# Exercise description:
Reproduce only this stretch of the listing below: from the line with "1-комнатная квартира 38 м²" through the line with "SEM image of", exactly as written, with pictures excluded.

# Stored data:
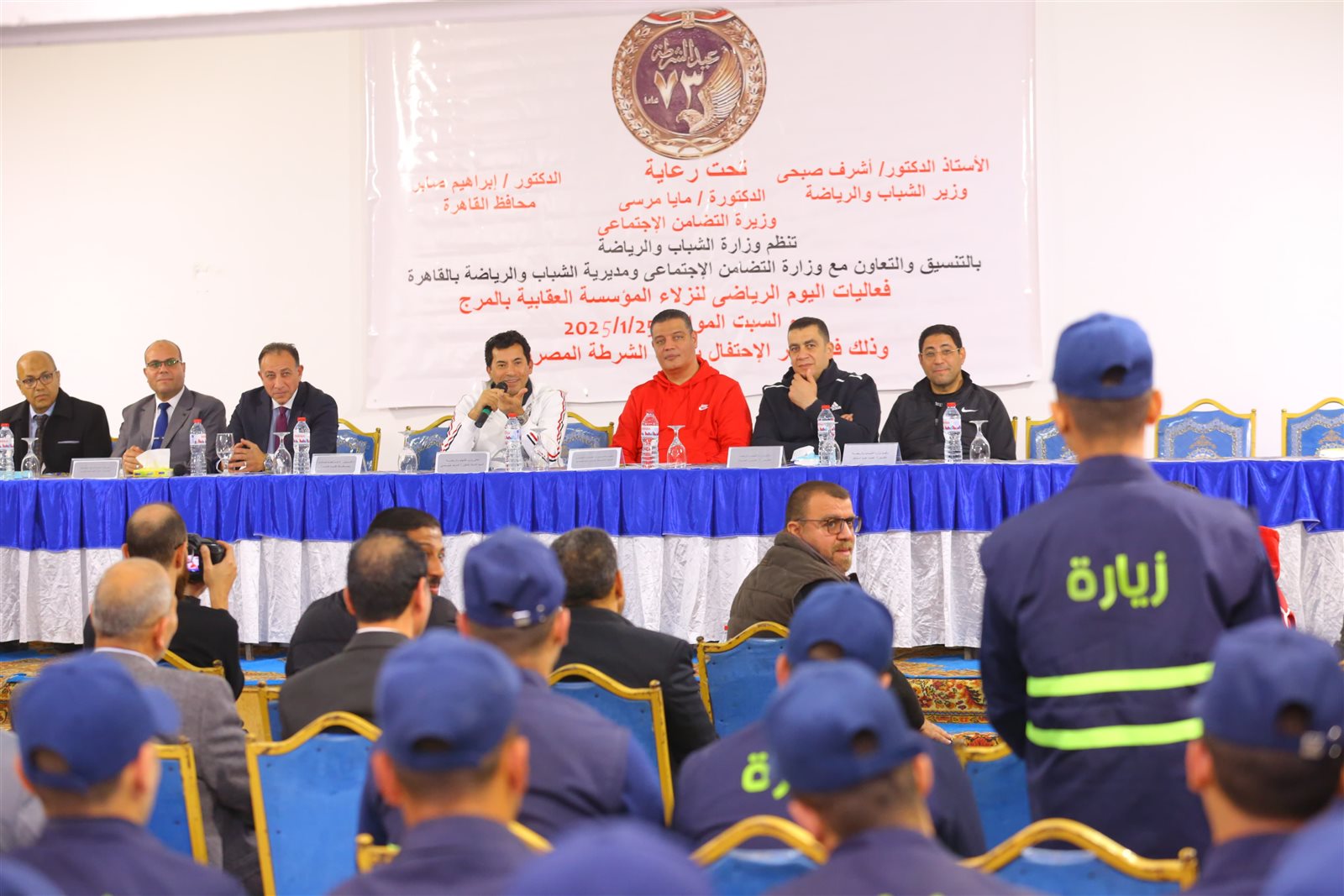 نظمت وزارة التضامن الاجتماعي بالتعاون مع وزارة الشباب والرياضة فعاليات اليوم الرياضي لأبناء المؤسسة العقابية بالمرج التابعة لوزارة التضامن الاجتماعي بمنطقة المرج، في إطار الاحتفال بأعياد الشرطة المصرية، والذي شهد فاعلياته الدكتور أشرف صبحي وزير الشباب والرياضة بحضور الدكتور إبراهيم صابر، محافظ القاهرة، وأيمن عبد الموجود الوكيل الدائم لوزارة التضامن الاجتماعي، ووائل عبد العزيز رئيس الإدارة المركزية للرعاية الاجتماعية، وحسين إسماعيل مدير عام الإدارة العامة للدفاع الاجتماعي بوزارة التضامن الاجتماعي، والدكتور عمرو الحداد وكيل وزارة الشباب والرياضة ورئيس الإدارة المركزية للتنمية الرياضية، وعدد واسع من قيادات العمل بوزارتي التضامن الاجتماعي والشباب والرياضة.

* * *

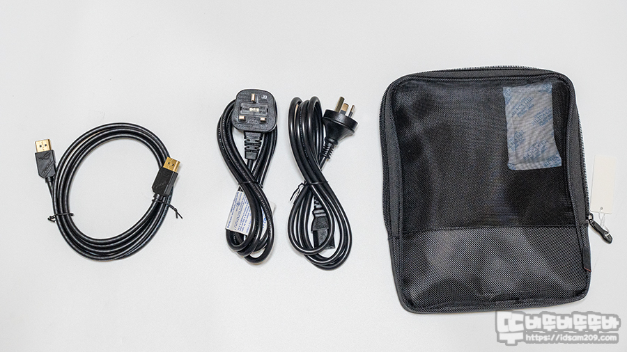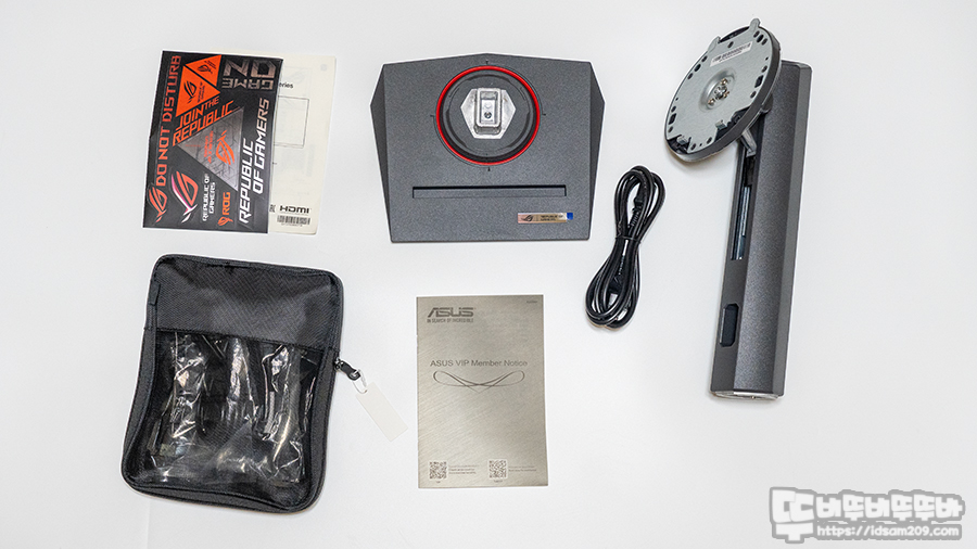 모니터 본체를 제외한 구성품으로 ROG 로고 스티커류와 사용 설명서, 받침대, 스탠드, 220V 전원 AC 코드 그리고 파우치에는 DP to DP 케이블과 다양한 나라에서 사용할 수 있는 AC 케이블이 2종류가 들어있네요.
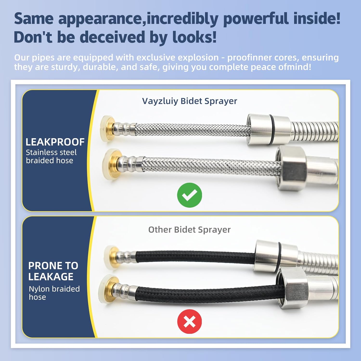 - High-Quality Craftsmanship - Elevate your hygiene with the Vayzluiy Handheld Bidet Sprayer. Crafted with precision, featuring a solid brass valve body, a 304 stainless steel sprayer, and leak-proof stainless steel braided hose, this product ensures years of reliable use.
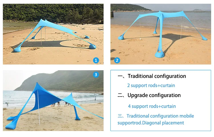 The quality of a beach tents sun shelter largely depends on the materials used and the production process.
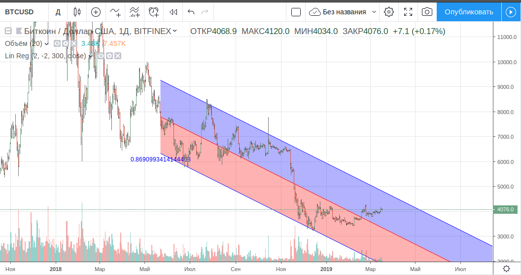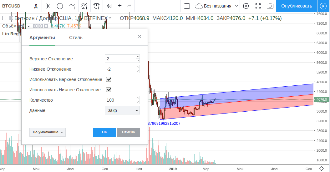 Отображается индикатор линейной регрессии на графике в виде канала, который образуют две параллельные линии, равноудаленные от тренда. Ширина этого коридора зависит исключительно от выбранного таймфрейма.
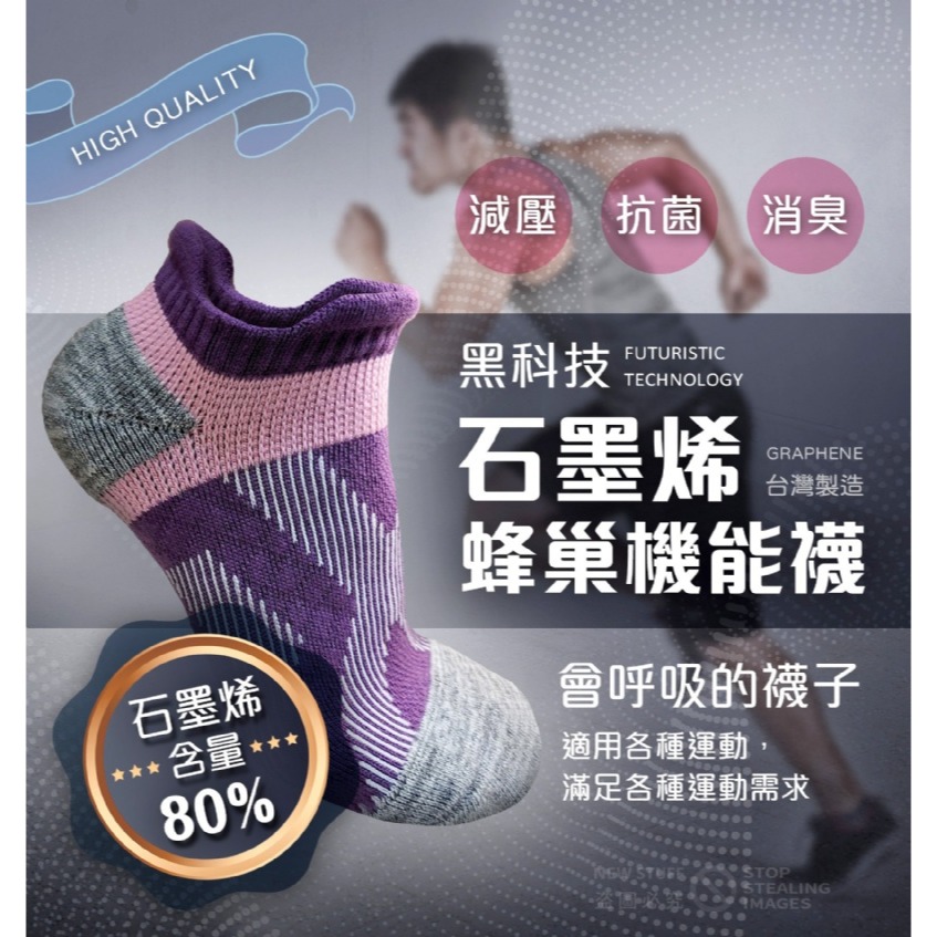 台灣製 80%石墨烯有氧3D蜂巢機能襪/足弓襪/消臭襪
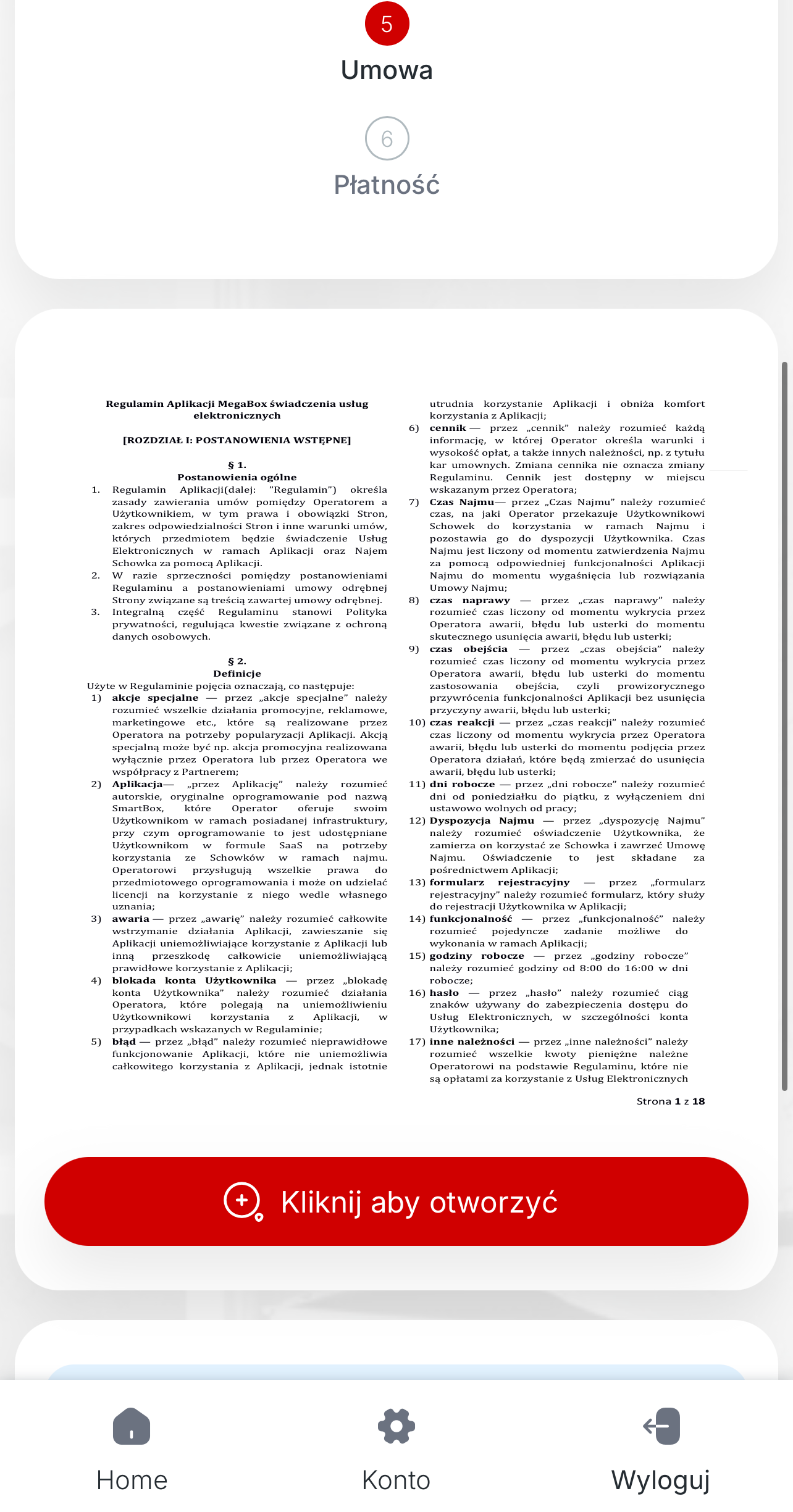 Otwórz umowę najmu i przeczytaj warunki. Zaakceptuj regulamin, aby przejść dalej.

---

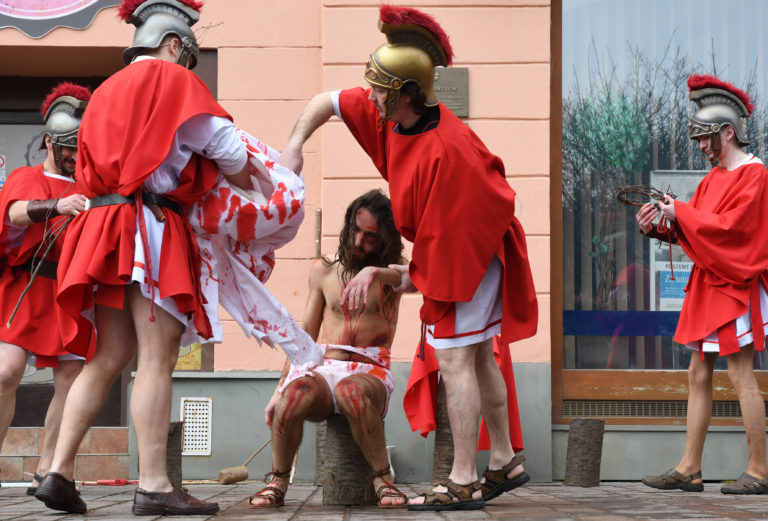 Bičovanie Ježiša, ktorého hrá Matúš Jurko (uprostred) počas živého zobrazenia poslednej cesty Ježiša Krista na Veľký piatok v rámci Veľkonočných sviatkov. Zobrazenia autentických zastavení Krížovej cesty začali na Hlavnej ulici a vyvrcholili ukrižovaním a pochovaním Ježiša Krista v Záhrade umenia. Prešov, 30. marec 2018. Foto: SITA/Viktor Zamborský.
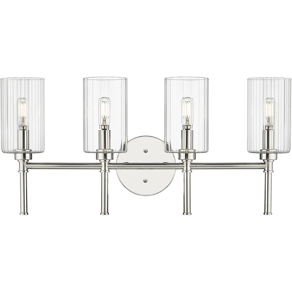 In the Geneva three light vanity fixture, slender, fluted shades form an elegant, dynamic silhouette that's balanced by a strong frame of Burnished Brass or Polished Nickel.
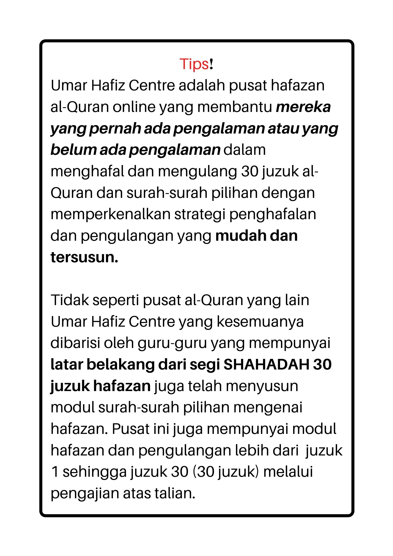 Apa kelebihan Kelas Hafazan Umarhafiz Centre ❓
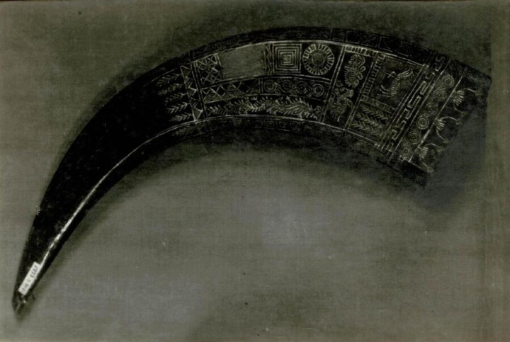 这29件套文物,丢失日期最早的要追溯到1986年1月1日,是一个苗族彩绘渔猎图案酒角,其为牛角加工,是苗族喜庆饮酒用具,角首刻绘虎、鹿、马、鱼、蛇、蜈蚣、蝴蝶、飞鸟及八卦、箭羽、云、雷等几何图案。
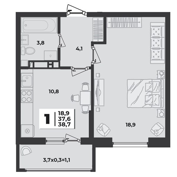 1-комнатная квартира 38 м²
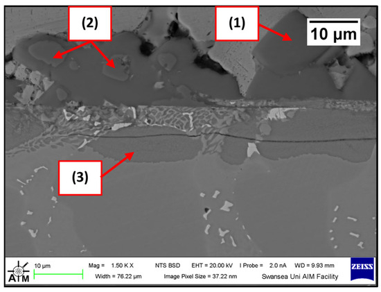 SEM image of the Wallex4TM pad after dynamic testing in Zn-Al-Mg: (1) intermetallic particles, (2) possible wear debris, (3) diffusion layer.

# Answer space:
 1-комнатная квартира 38 м²
 SEM image of the Wallex4TM pad after dynamic testing in Zn-Al-Mg: (1) intermetallic particles, (2) possible wear debris, (3) diffusion layer.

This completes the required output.